Kœnig facteurs d'orgues
- Industry: manufacture of musical instruments
- Founded: 1945
- Headquarters: Sarre-Union, Grand Est, France
- Key people: Yves Kœnig (President) Huguette Kœnig (General Manager)
- Products: pipe organs
- Services: building, restoring and maintenance
- Website: www.orgues-koenig.com

= Koenig (organ builder) =

French organ building company

Kœnig pipe organ builders, known as manufacture d'orgues Kœnig, is a French firm that designs, builds and restores pipe organs.
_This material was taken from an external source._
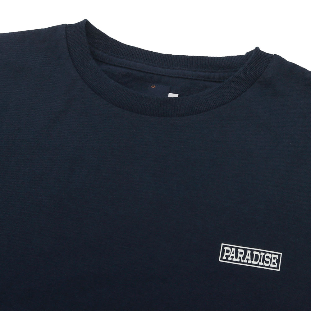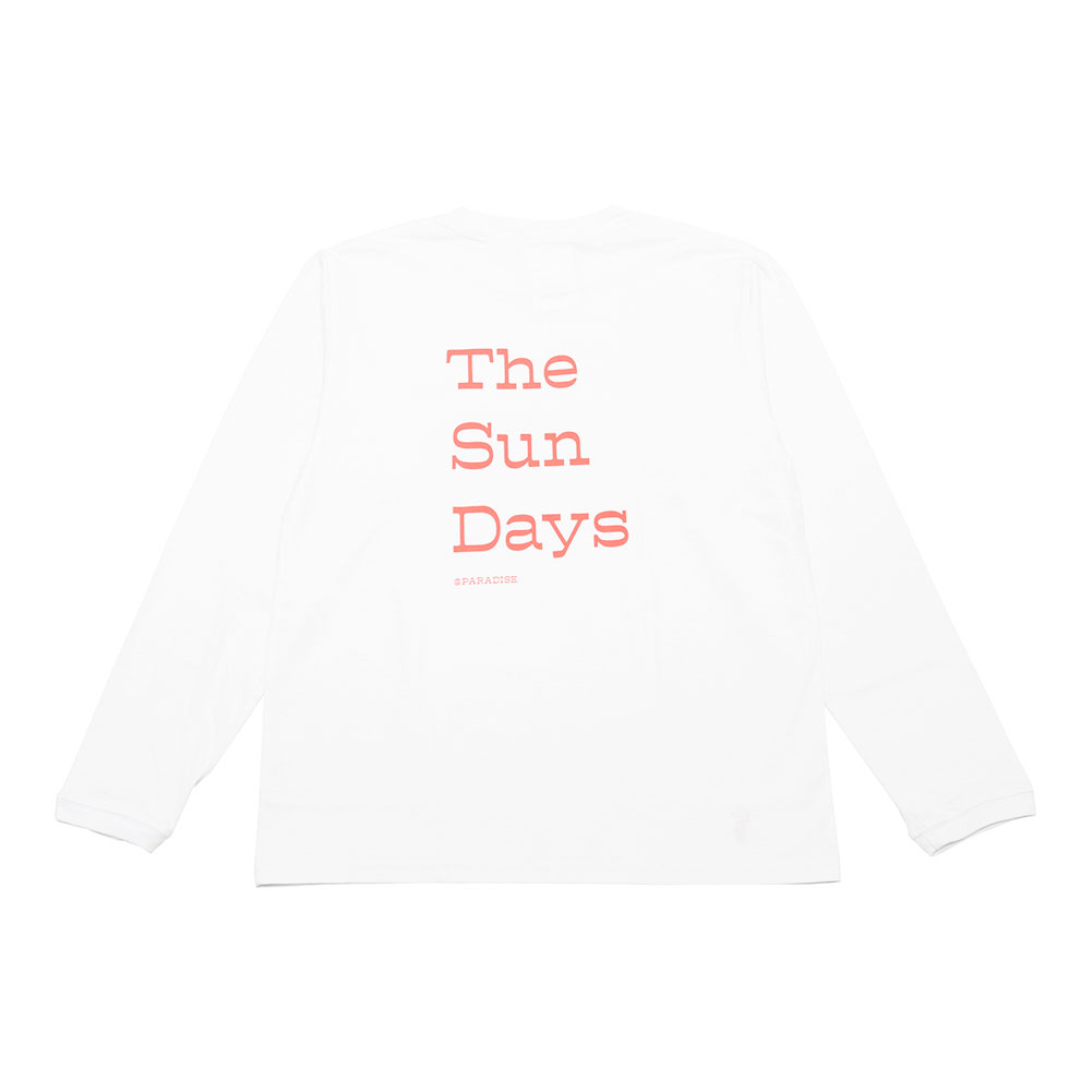 フロントにはPARADISE、バックにはThe Sun Daysの大きなプリントが入るメローな一枚。アメリカ製ボディならではの着心地を楽しめます。

This organ building, family-owned manufacture is based in Sarre-Union, Alsace, and founded in 1945.

== Achievements ==
Kœnig is specifically renowned for being the first contemporary organ builder to have performed in 1967 the recreation of a pipe organ, complying with the precepts found in the 1778 book L'Art du facteur d'orgues by Dom Bédos. This masterpiece can be seen in Saint-Georges' Church of Bouquenom in Sarre-Union.

The workshop regularly contributes to the restoration of historical listed organs.

== History ==
Jean-Georges Koenig, born on May 16, 1920, in Strasbourg and died on November 26, 1992, purchased the business from the widow of organ builder Henry Vondrasek in order to resurrect the factory that had been established in 1930.

Yves Kœnig, born on May 16, 1950, began working with his father in the 1970s, fully taking over the business in 1982.

He is assisted since 2008 by Julien Marchal, born on Octobre 29, 1990, whom he gradually prepared for his succession.